Dusk Falls

Covid-19 in India

By Maya Herne and Arabella Johns

As Dusk falls and clouds of smoke from burning bodies fills the air, you walk past a local crematorium noticing that you see several funeral pyres are still burning, and remark to yourself that you have never seen so many bodies burning together.

Funeral pyres of COVID-19 victims are being burned in a lot that has been converted into a crematorium in New Delhi.

Image: CC The Guardian

This may sound like a piece written for a post- apocalyptic fiction novel, yet for many Indians this is their reality.

It appears that now, as we have no cases in Tasmania and restrictions have relaxed (apart from Melbourne), that Covid-19 is not something that many of us think about too often. This may be the case for us, but many other places are not as fortunate, one of those being India.

The country is experiencing the world's worst outbreak, with new cases surging past 400,000 per day and breaking the record for the highest single-day figure globally.

The second wave started in early March, when infections began creeping upward before rapidly accelerating. By the start of April, the number of daily cases had jumped up to six times that of which was recorded in May. That exponential rise has continued into May.

As of today, India accounts for one in three of the reported deaths from coronavirus around the world, according to a Reuters tally. The outbreak there is overwhelming hospital and medical staff as hospitals have run out of basic medical supplies, and are having to turn down patients because they just do not have the resources to take them in.

Photographer Hitesh Rathod took this picture of ambulances queued up outside the government hospital (“The Economics Forum 21”).

“Family members are driving from clinic to clinic, frantically searching for open ICU beds for their loved ones”(editioncnn.com). Hospitals across Delhi are reporting fatal oxygen shortages. Eight people, including a doctor, died at a New Delhi hospital after the facility ran out of oxygen on May 1. The same problem saw 20 critically ill patients die at another hospital on April 23. Battling to find hospital beds, distraught people are flooding social media and messaging apps with pleas for oxygen, medicines, and room in intensive care units.

Its deadly second wave has, apart from swamping the nation’s healthcare system, overwhelmed the capacity of cremation and burial sites to cope with the sheer volume of bodies. “Photos show grieving families dressed in full protective suits at mass cremations, performing last rites surrounded by dozens of other burning funeral pyres” (CNN-Breaking News, Latest News and Videos).
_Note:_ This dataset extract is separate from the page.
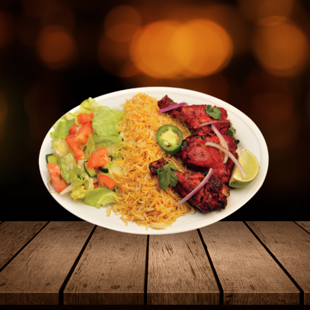 pieces of bone-in chicken, marinated in special herbs over grill.

Space is so short for the Covid-19 dead, that makeshift sites in backyards, public parks and even the shores of the River Ganges have been inundated in Uttar Pradesh state.

Tragically, the nation’s recording of more than 300,000 coronavirus deaths and 27 million cases, making it the world epicentre of the pandemic, does not seem to be slowing anytime soon. What is worse is that the media has been accused of censoring the true extent of the suffering. “Experts believe reported figures are an undercount, but it is unclear by how much” (www.aljazeera.com).

To combat this the Indian government has increased testing and put in place a vaccine roll out plan that allows anyone over the age of 18 to register for the jab, although the demand cannot be kept up with and the roll out has slowed due to shortages in supplies to administer despite India producing the largest number of vaccines in the world.

To put pressure on the Australian government to support the move, more than 700 health professionals and academics have sent an open letter to Prime Minister Scott Morrison urging him to help remove legal and technical barriers that are limiting the production of COVID-19 vaccines. The letter, signed by 207 doctors, 177 academics and 111 public health professionals calls on Mr Morrison to take a leadership role in accelerating the rollout of vaccines so repeated outbreaks can be contained and the emergence of new variants addressed.